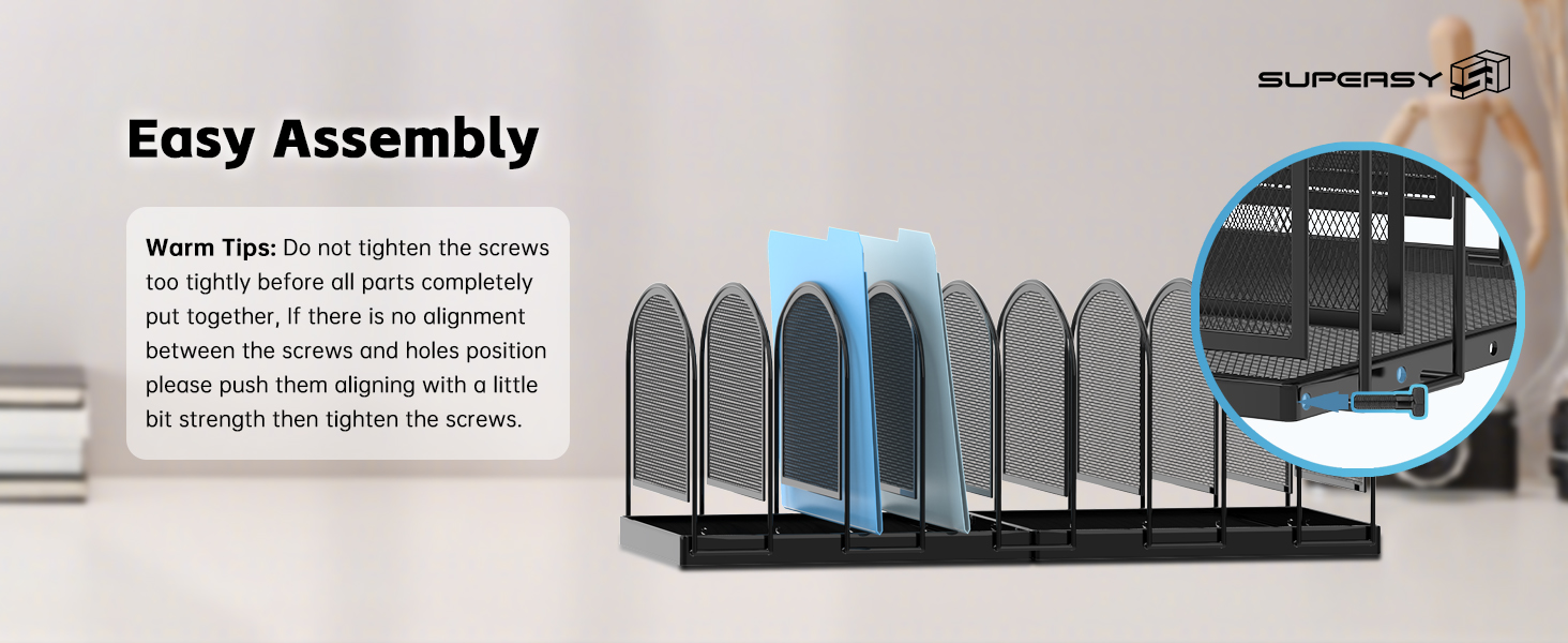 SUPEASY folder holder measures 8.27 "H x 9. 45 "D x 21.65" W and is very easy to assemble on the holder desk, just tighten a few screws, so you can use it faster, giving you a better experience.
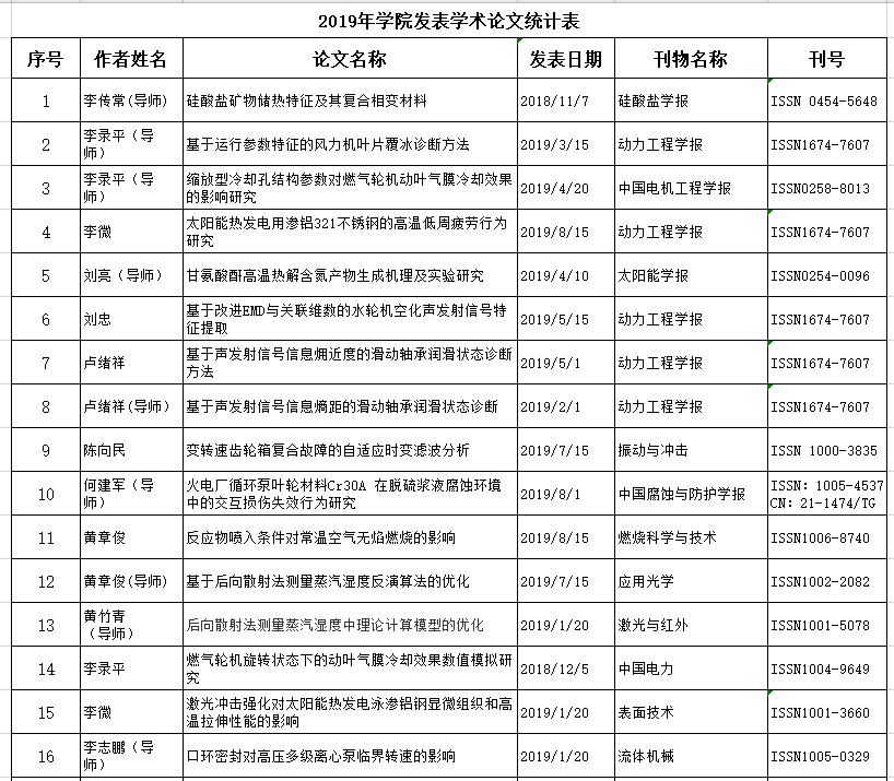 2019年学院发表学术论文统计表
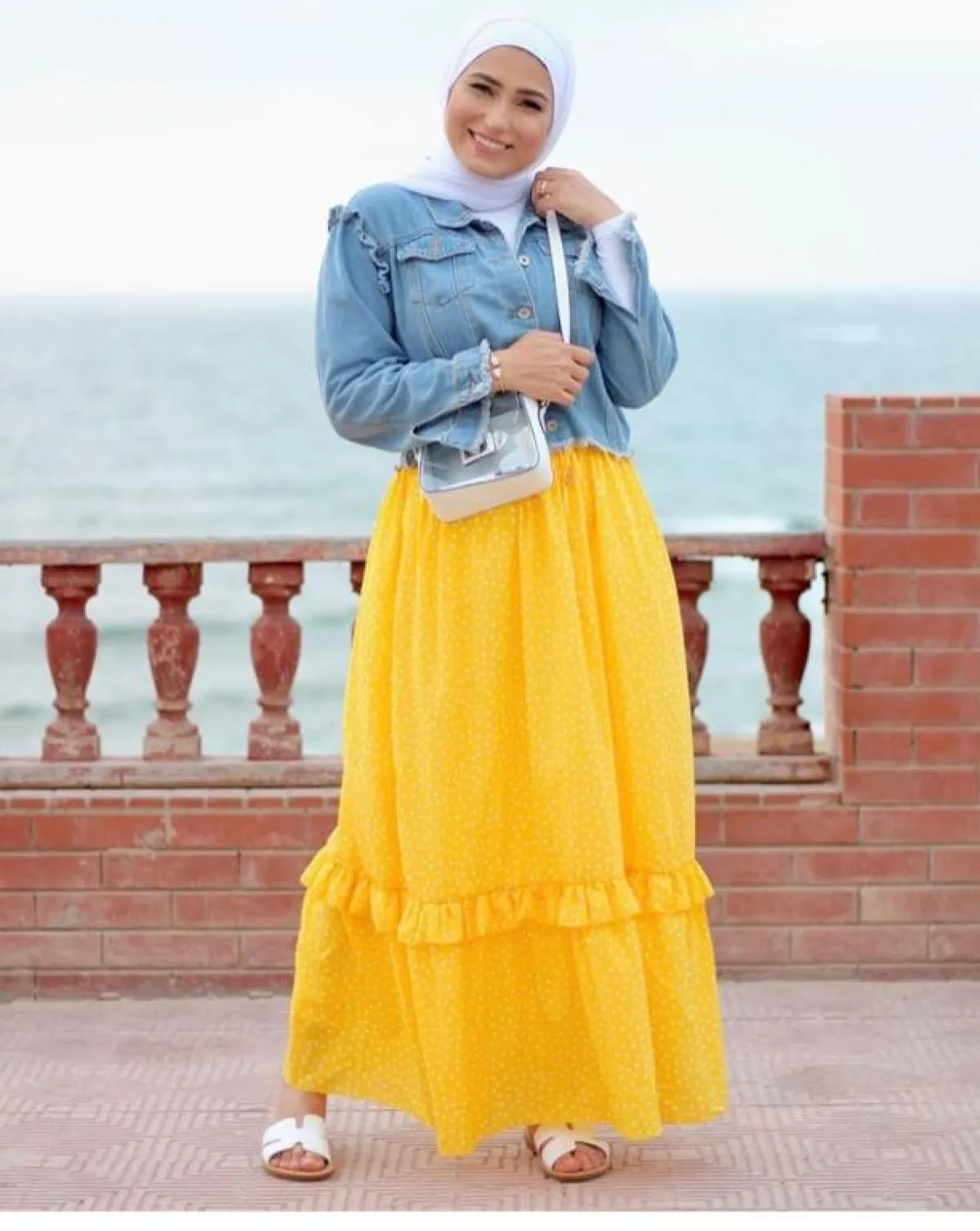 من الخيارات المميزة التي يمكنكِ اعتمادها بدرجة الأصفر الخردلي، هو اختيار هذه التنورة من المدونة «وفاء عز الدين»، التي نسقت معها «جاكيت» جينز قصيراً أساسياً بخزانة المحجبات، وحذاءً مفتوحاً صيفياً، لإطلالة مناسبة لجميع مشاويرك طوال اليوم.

........

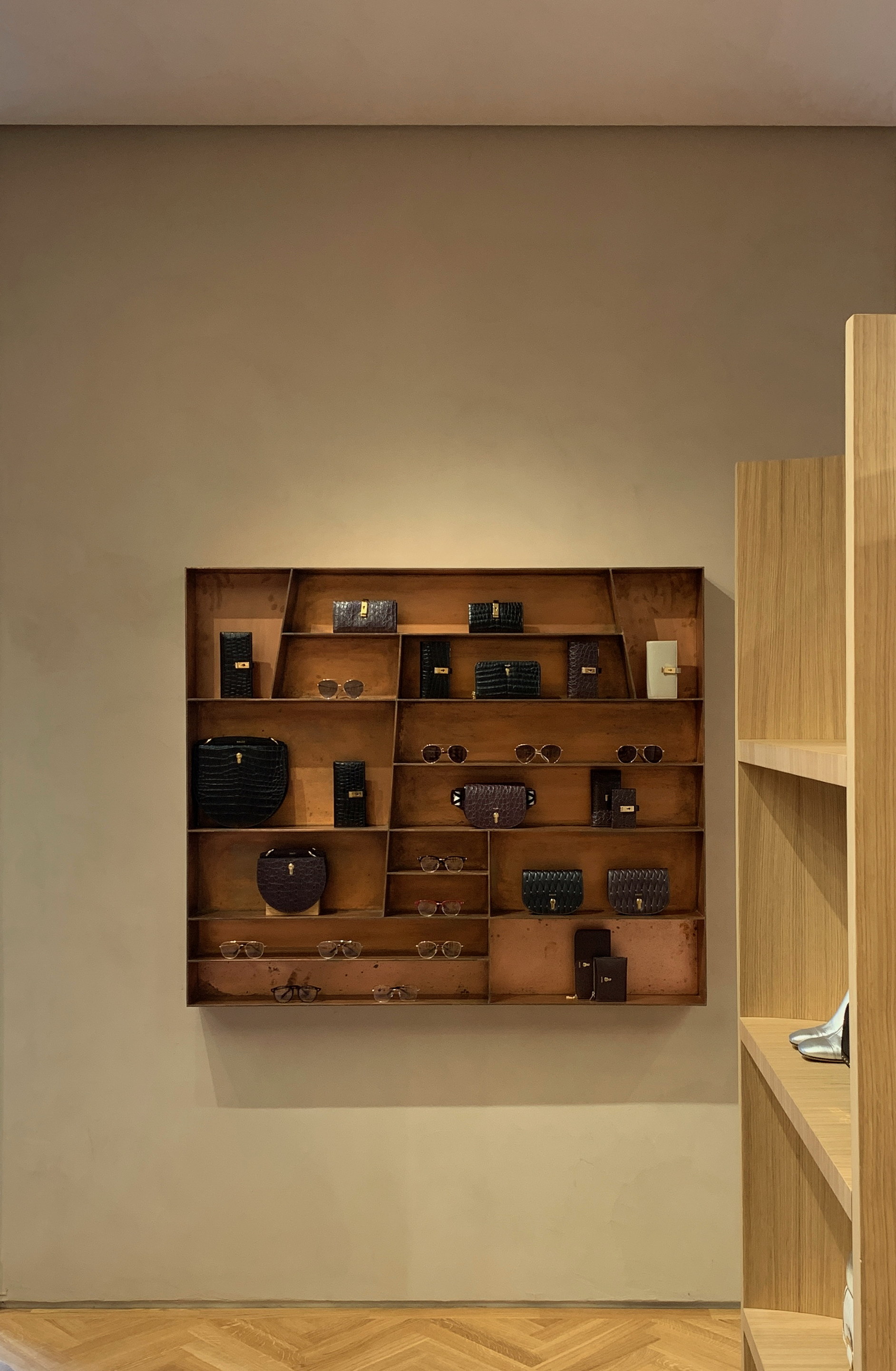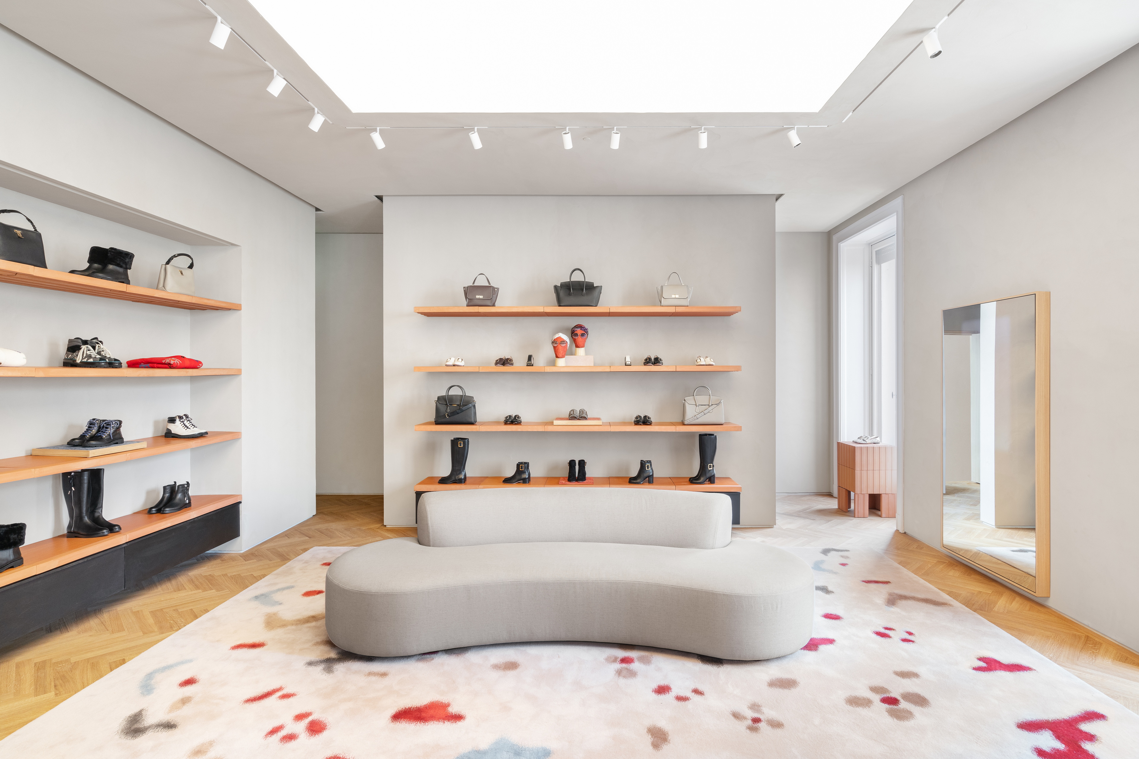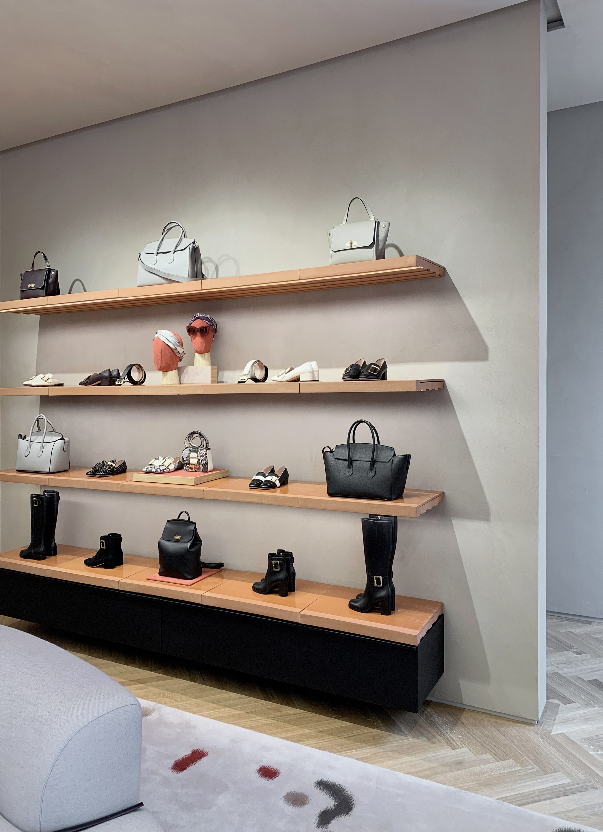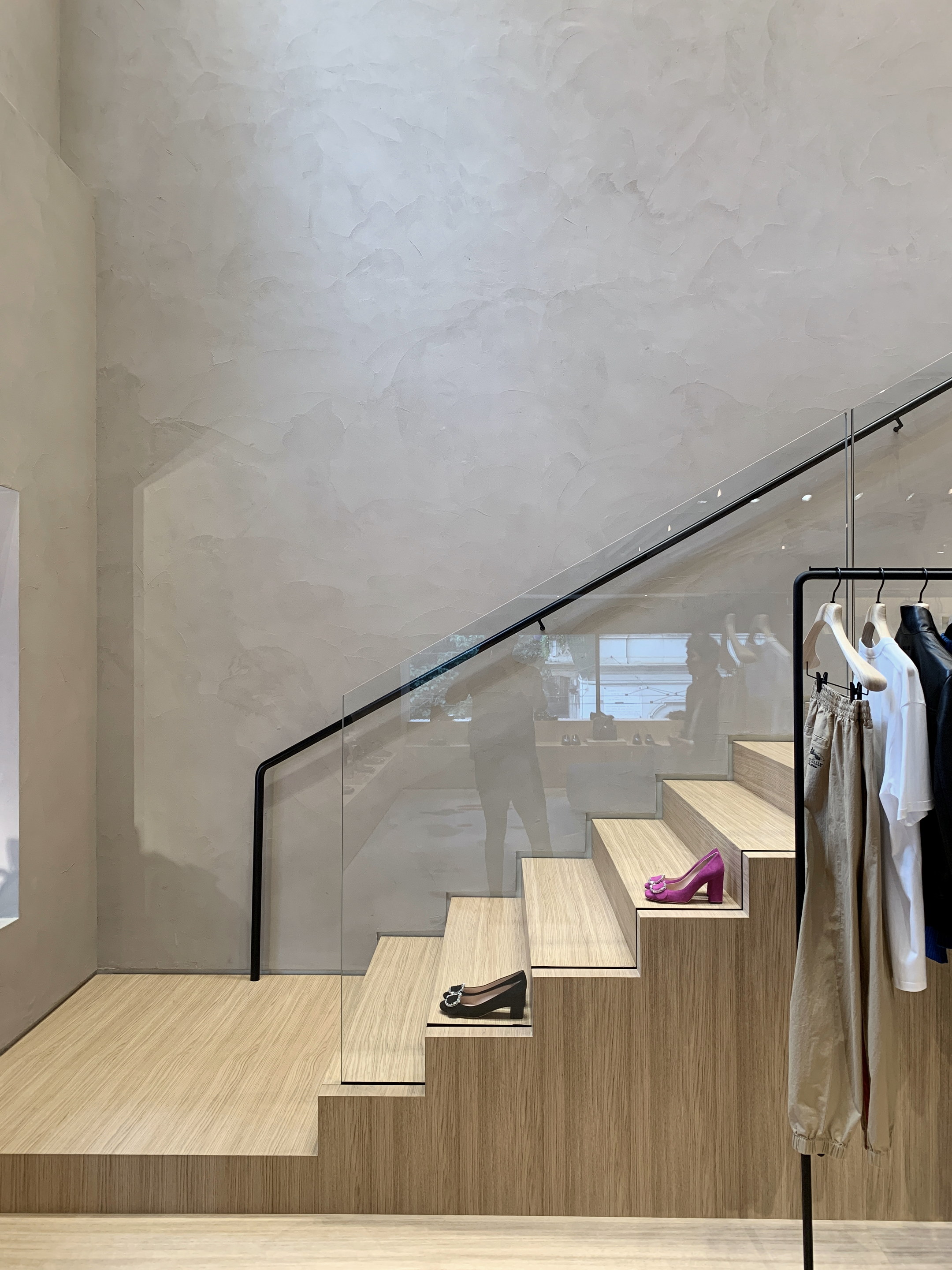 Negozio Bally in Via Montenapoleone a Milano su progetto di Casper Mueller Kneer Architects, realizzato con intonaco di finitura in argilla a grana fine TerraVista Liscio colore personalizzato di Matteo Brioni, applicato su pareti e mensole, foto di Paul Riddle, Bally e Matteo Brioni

........

### What the task asks
Repeat, without pictures, exactly the lines of the data above from the one containing "2019年学院发表学术论文统计表" through the one containing "من الخيارات المميزة", including both and adding nothing.

### Response to this task
 2019年学院发表学术论文统计表
 من الخيارات المميزة التي يمكنكِ اعتمادها بدرجة الأصفر الخردلي، هو اختيار هذه التنورة من المدونة «وفاء عز الدين»، التي نسقت معها «جاكيت» جينز قصيراً أساسياً بخزانة المحجبات، وحذاءً مفتوحاً صيفياً، لإطلالة مناسبة لجميع مشاويرك طوال اليوم.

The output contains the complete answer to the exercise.